Only once in this account does Emerson break out of the role of public figure and come alive as an intellectual, revealing a spark of his earlier days, when he meets John Muir in the woods of Yosemite. Muir, then thirty-three years old, resembled nothing so much as a western Thoreau, a young autodidact enthralled by the splendors of the massive sequoias beneath which he often camped. The two hit it off immediately. Muir showed his guest his collection of botanical samples and discussed the properties of each plant. He tried to convince an enthusiastic Emerson to spend a night outside, away from travel lodgings and beneath the stars, but the older man's friends intervened in the interests of his health. The men never saw each other again, but they exchanged an intermittent correspondence, each trying to cajole the other into visiting.
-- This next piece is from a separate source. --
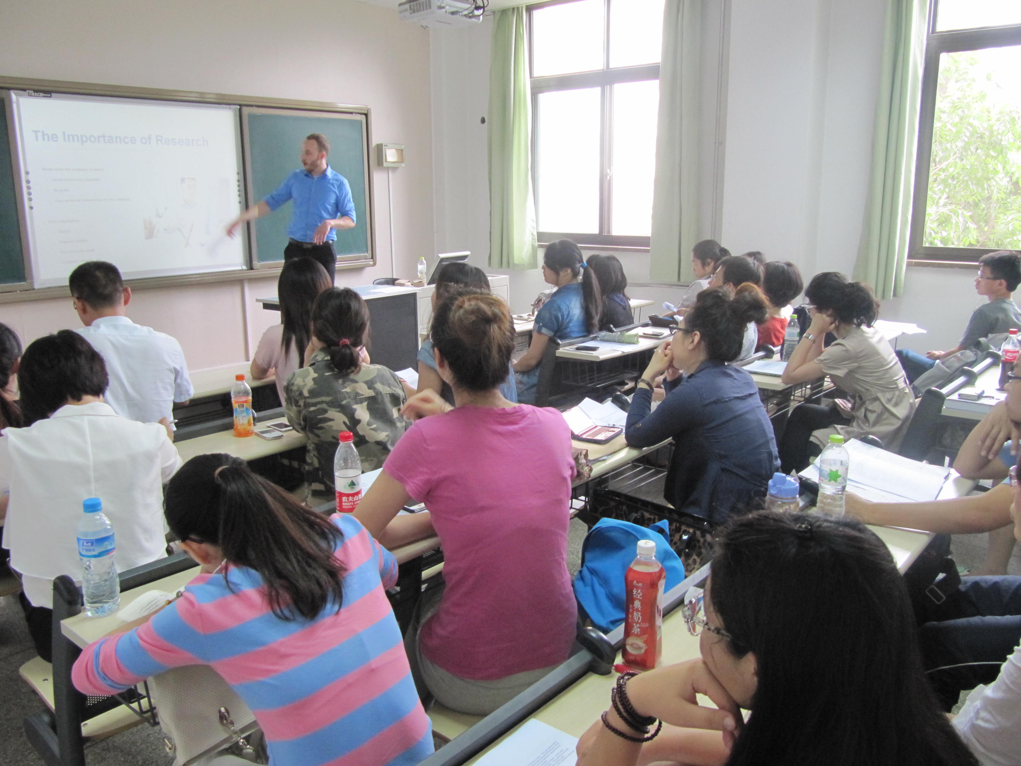 2013年5月26日下午2点,北京语言大学培训部公益系列讲座第十讲“求职面试英语”在北京语言大学主楼北侧448教室成功举办。本次讲座旨在帮助学员们提高英语面试的能力、掌握基本英语面试技巧。美籍外教Stephen P. Davis特邀担任本次讲座主讲老师,来自我部业余外教口语学习班的学员以及不同院系的近40名学生认真听取了本次讲座。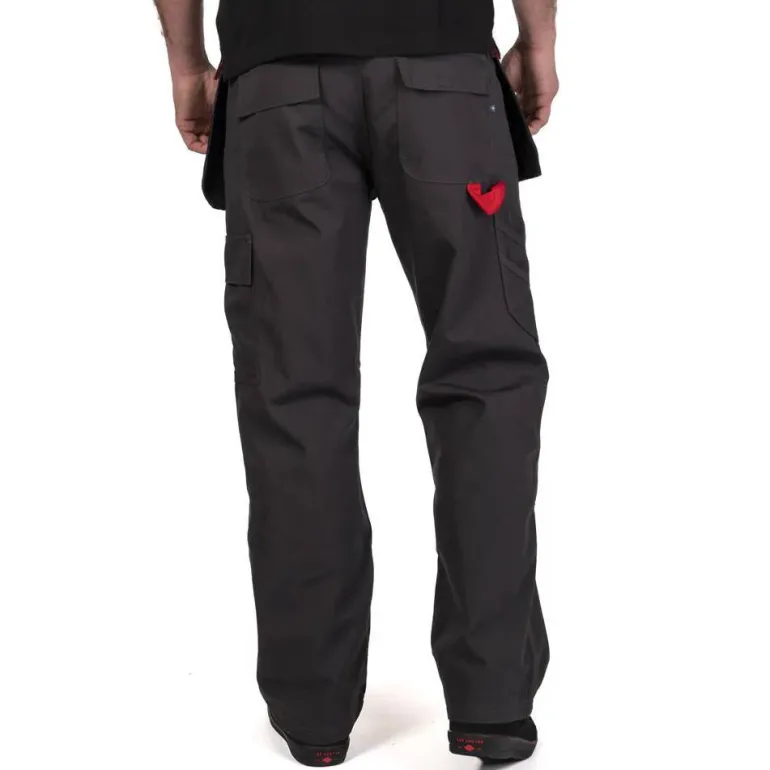 - Presilla para martillo y bolsillo largo para herramientas en la pierna derecha

For much of the trip, one gets a sense that Emerson was performing “Emerson,” the public persona he crafted during the heyday of Transcendentalism. At a series of lectures in San Francisco, he deployed a favorite trick from the past, pretending as though the pages of his talk were out of order, forcing the veteran author to pick his way from one inspiration to the next. Newspaper reviews of his theatrics were mixed at best. Overall, The California Days of Ralph Waldo Emerson presents a vivid picture of the aging Transcendentalist as he encounters a raw, brash society that he helped to summon into existence.